Fear Factor

March 10, 2002

by John K. Bates

On NBC’s terrible show Fear Factor, various contestants of limited intelligence are paraded about in an effort to see how much they will prostitute themselves in order to win money. Week after week, millions sit glued to the television, waiting to see how low Americans will go in order to win a few bucks. All the while, these same people think to themselves they would never, ever, stoop to such levels to get some dough.

Seeing how the country is progressing with the so-called “war on terror,” however, makes Your Humble Columnist wonder. Maybe we aren’t willing to eat worms or have a glass box with rats placed on our heads in order to score some bread. But we sure seem willing to buy into whatever fear the media and government give us, in the hope that we will be safe. Day after day, week after week, Our Benevolent Conservative Federal issues us alerts and warnings designed to make us worry. And the media dutifully follows, convinced that scare tactics sell copy.

There are two recent cases in point:

Last week, word came out that nine of the September 11 hijackers had been flagged by the security systems in place at the time. There were two angles presented with this story. The first was that security failed massively on September 11. The second stated that whatever security is in place now and in the future is susceptible to similar failure. There is no way, so it is said, to make flying 100% safe. Because the federal government cannot completely protect us, we should be constantly afraid of the next terror threat. Some day, some way, it will certainly happen again.

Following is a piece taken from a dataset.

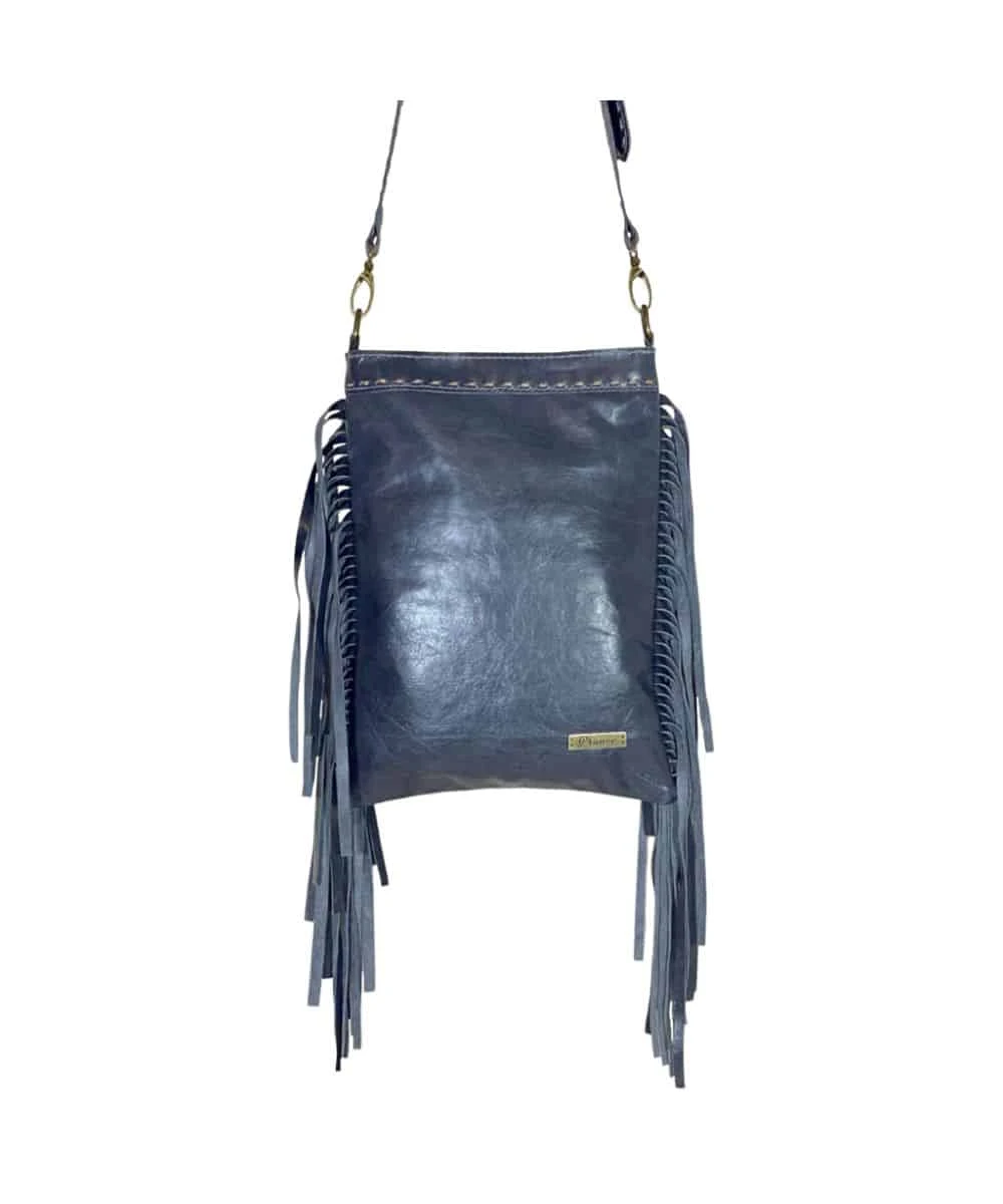 Genuine Leather Handmade Handbag From The Austin Collection; Zipper Closure; 100% Cotton Lining; Interior Pocket; Adjustable Leather Strap; Side Fringe; Measures Approximately: 9″ L x 1″ W x 12″ H; Solid Print; Style #AUSTIN-SALINA

It is interesting that the hijackers flagged on September 11 clearly complied with the federal government standards in place at the time. For those who have forgotten, those standards were designed to prevent a bombing similar to the supposed TWA bombing in 1996. (And for those who have further forgotten, after this event Congress and President Clinton enacted legislation to protect us all. These included the silly questions asked when people check in, as if someone is really going to say, “Oh yes, someone named Mohammed gave me this package to carry on the plane today.”) Note how these regulations never went away even though it was later determined that Flight 800 was not bombed and in fact there was never an actual threat of any plane being bombed. Facts never matter to those who would protect us from phantom threats. And as with most things concerning the federal government, power gained can never, ever be lost. These regulations endure to this day, a testament to silly rules and failed regulations.

Regardless, these regulations did work in the sense that they slowed the Saudis who committed acts of terror. But they were just slowed and not stopped. Why? Because the federal guidelines said they should not be. Despite what the media and the government say about that day, the “private” security in place at the time did not fail. Rather, it was the guidelines - not the fact that the Postal Service wasn’t running security - that allowed the perpetrators to get on the plane. Private security did not fail, the federal government failed. And lest anyone think that new guidelines will help, consider there is an element of truth to what the fear-mongers say. For it does not matter what the government does or pretends to do - there is no way to completely eliminate risk. Searching cars, hassling travelers, and fondling cowboy boots will not stop a determined terrorist. The measures needed to prevent another September 11 have already been implemented and there is no further danger of someone commandeering another airplane. But if someone wants to blow up a plane, and is truly determined to do so, they will do it. Period. No government rules or regulations will prevent this. Harsh as it seems, flying inherently involves risk. There is no way to completely eliminate that risk. In that sense, the fear-mongers are indeed correct.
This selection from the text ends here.